Старуха была сделана крепко, на совесть, и не ее скульптора вина, что со временем покрылось его творение мелкими трещинками — просто обветшало, устарело наружное покрытие, сморщилась кожа. Зато внутри она оставалась мраморной твердости, все-таки в ее очень русскую кровь была крепко вбита татарская, причем по женской линии, что испокон веков выявляло в людях стойкость перед обстоятельствами. Это именно старая бабка Агиля, совсем уже слепая, сжираемая болезнью, впервые дотронувшись до сопящей, теплой ото сна внучки, велела назвать ту Лелой, “ночью”, в попытке отпугнуть, наверное, свою приближающуюся ночь — вечную.

Она как будто всегда была одинаково благородно старой, с самого первого Гешиного воспоминания, а тут очевидно стало, что сдала. Лела-ночь еще уменьшилась в росте, ссохлась, пообтерлась, веки обмякли, тонкий рот закрывался неплотно, дрожал. Накрывала Лела медленно, путанно, поставила в центр стола будильник, а потом смотрела на него, не мигая, забыв, зачем он ей тут понадобился. Геша здоровая, молодая, обнимая ладонями кружку с горячим чаем, щедро сдобренным коньяком, смотрела внимательно, а потом спросила:

— Лела, а где все ваши? Ну, родственники… вроде дочка у вас была?
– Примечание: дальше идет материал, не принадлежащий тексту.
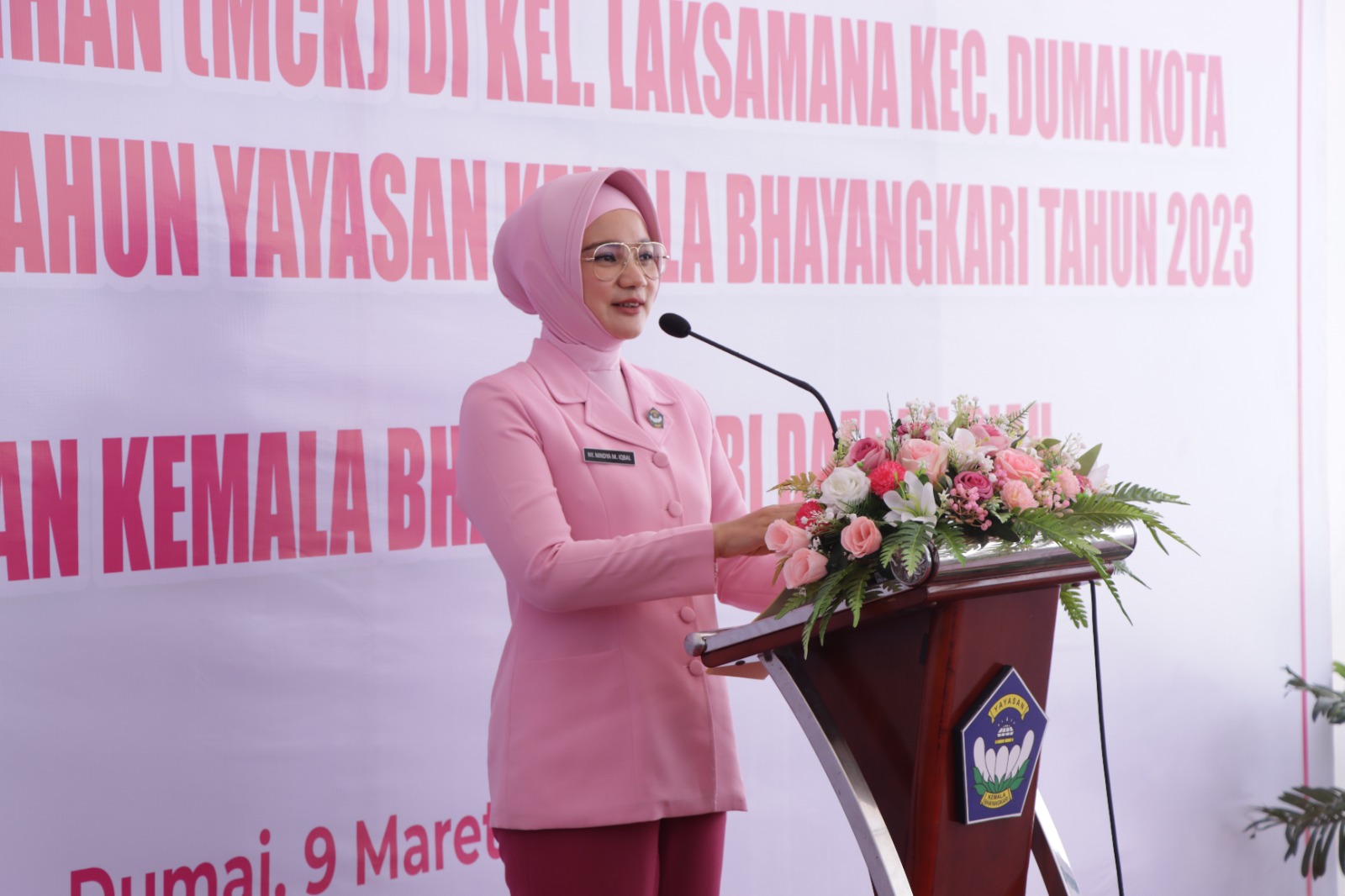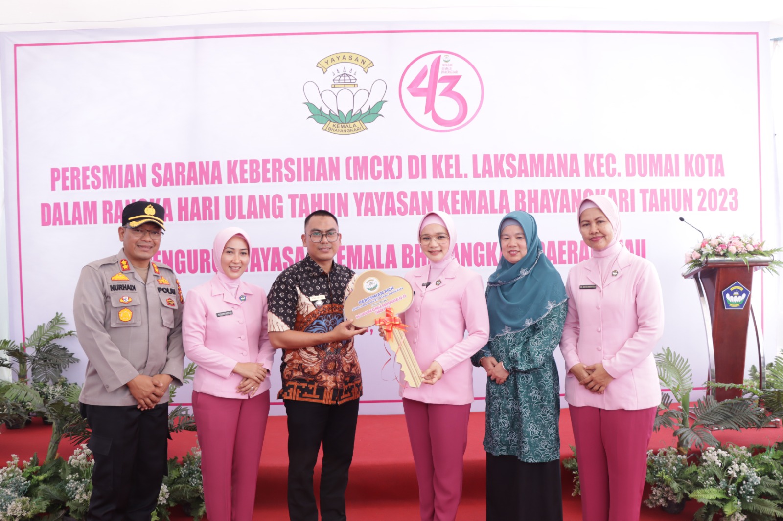 Dalam pelaksanaannya, Ketua Bhayangkari Daerah Riau Ny. Nindya M. Iqbal menyerahan 3 unit sarana fasilitas umum MCK secara simbolis kepada Camat Dumai Kota Indra Safawi, S.Sos, M.Si.

Лела откашлялась, подбоченилась и повела свой рассказ путаным, перемеженным вздохами, щелчками артритных пальцев путем. История была скучная, на века постарее старухи Лелы, но Геша слушала внимательно, так как с первых слов уже уловила что-то знакомое, неуловимое, глубоко впитавшееся. Запах тыквы.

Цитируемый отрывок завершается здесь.